Whyalla

This seaside city is blessed with more than 300 days of sunshine a year and offers a wealth of attractions and events. Whyalla is a great spot for keen fishermen, divers and boat enthusiasts. The city hosts the hotly-contested Australian Amateur Snapper Fishing Championship.

It's home to a maritime museum that exhibits the largest permanently land-locked ship in Australia - the HMAS Whyalla wartime corvette, which was the first ship built at Whyalla's BHP shipyards in 1941. And between May and August every year hundreds of thousands of giant cuttlefish gather to spawn in and around the rocky shores of nearby Black Point and Point Lowly.
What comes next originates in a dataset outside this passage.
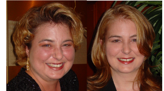
With Cushing's Normal Appearance

* Rapid discontinuation of steroid medication can be life threatening and needs to be done under the supervision of a physician.

It's an awesome underwater spectacle.

There's also a marina, foreshore with parkland, and the Hummock Hill lookout to take in. Hummock Hill once served as a gun battery and observation post to protect the town's shipyards during World War II. Now it offers an unequalled view of Whyalla and the steelworks; foreshore and upper Spencer Gulf across to the southern Flinders Ranges, Port Bonython and the nearby Point Lowly lighthouse; and westwards to the Middleback Ranges.

Known originally as Hummock Hill, Whyalla was developed from 1901 as a departure port for iron discovered at the nearby town of Iron Knob. The town flourished around its BHP steelworks and mining operations. Whyalla is South Australia's third largest city and offers major shopping centres, a range of accommodation options, dining and sports facilities.

Visit the Mount Laura Homestead Museum, the wetlands, lovely Ada Ryan Gardens with its mini zoo, or take a tour of the steelworks. There are also a variety of scenic drives and walking trails in the region.